Some researchers use AI tools to analyze brain data. Others use ideas from neuroscience or physics to understand why artificial neural networks function. Thomas Anderson Keller, a research fellow, studies recurrent neural networks using concepts from physical dynamical systems. "I could definitely make more money in a company, but to work on some of the crazy stuff that I work on like waves and taking ideas from physics, it would be hard to convince someone to pay me to do that," he said.
But large language models have shifted priorities. Murthy acknowledged the change. "The language models have just, they just seem to overwhelm everything right now," he said.
The speed mismatch is real. AI research can cycle through testing and improvement in weeks. Neuroscience experiments often take far longer.
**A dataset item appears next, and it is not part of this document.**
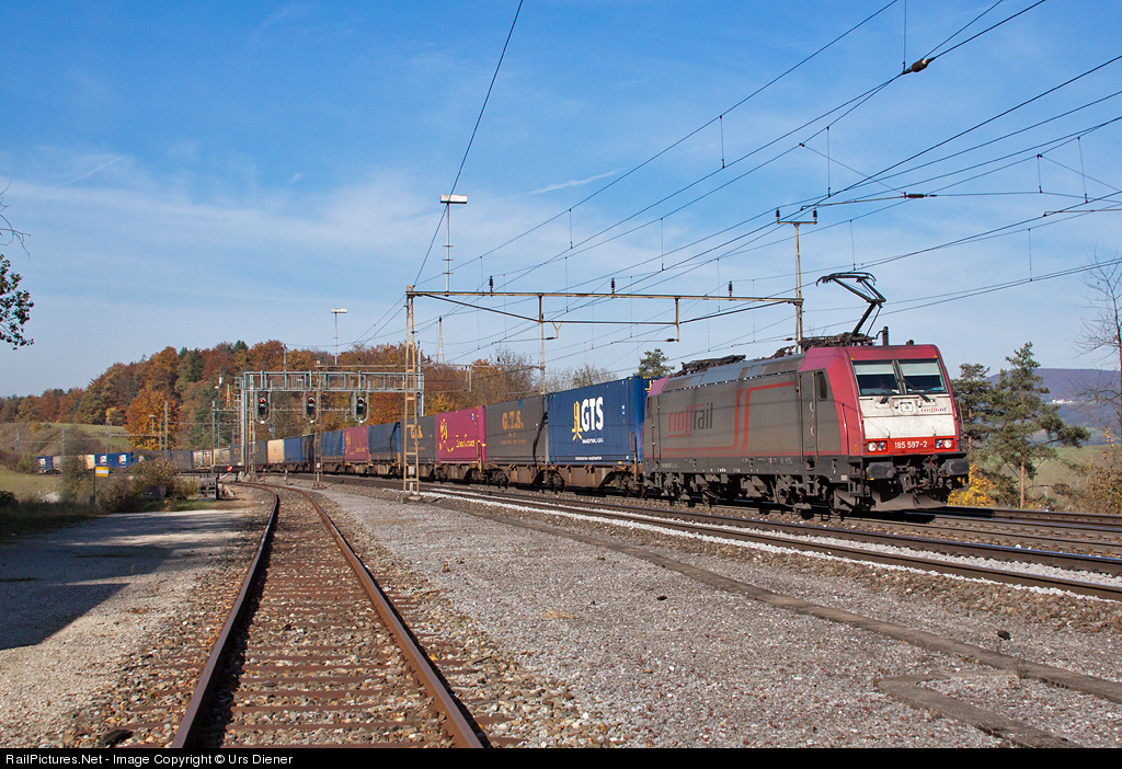 | The Crossrail BR 185 597, leased from Beacon Rail Leasing Ltd, with the GTS container train on the way to Italy. |

Elias Issa, a neuroscience professor at Columbia University, described the divide bluntly. "AI is kind of running away, moving too fast from neuroscience," he said.
Where Researchers Go
Kempner's early fellows and post-baccalaureate researchers are beginning to leave Harvard. Some are moving to MIT, Johns Hopkins, and the University of Michigan. Others are heading to Meta, Apple, and startups.
The institute's fellowship program has become its most important tool for building community. Kempner research fellows receive two-year postdoctoral appointments and can work across multiple Harvard labs rather than being tied to a single faculty member's project. Svoboda said the fellows have become "the glue that holds the community together."
Kempner pays research fellows roughly $100,000 annually, compared with about $70,000 for standard Harvard postdoctoral salaries. But money isn't the only draw. Liu cited Kempner's open-science requirement as a key reason she stayed in academia. In industry, many labs are closed. "Whatever you do, you have to publish it, and then it has to be shared with the broader science community," she said of Kempner.
That commitment has limits. Industry labs pay more, build faster, and provide access to far larger systems. For researchers who want to deploy models at scale, the gap can be decisive. Itamar Kahn, a neuroscience professor at Columbia's Zuckerman Institute, said some ideas quickly outpace academic resources. "If you have an idea that will scale really fast - that within a year, you need resources that are beyond what is available in academia - then you're gonna leave," he said.
Building a Reputation
Kempner's standing outside Harvard remains uneven. When researchers at peer institutions were asked about the institute, some knew it well. Others hadn't heard of it. John Mackey, a computer science professor at Carnegie Mellon University, said he was unfamiliar with Kempner and surprised by the $500 million gift. "Somebody on the PR end of things needs to get cracking," he said.
The institute is still small, with 120 to 160 people now and expected to reach 300 to 500 within two years. Porter said the institute's youth is an advantage. "We don't have any history. We don't have that because we are so new, and it allows us really to be innovative and nimble," she said.
Kempner's first real test lies ahead: proving that academic AI research, even with substantial resources, can compete with the speed and scale of industry labs while maintaining its commitment to open science and cross-disciplinary work.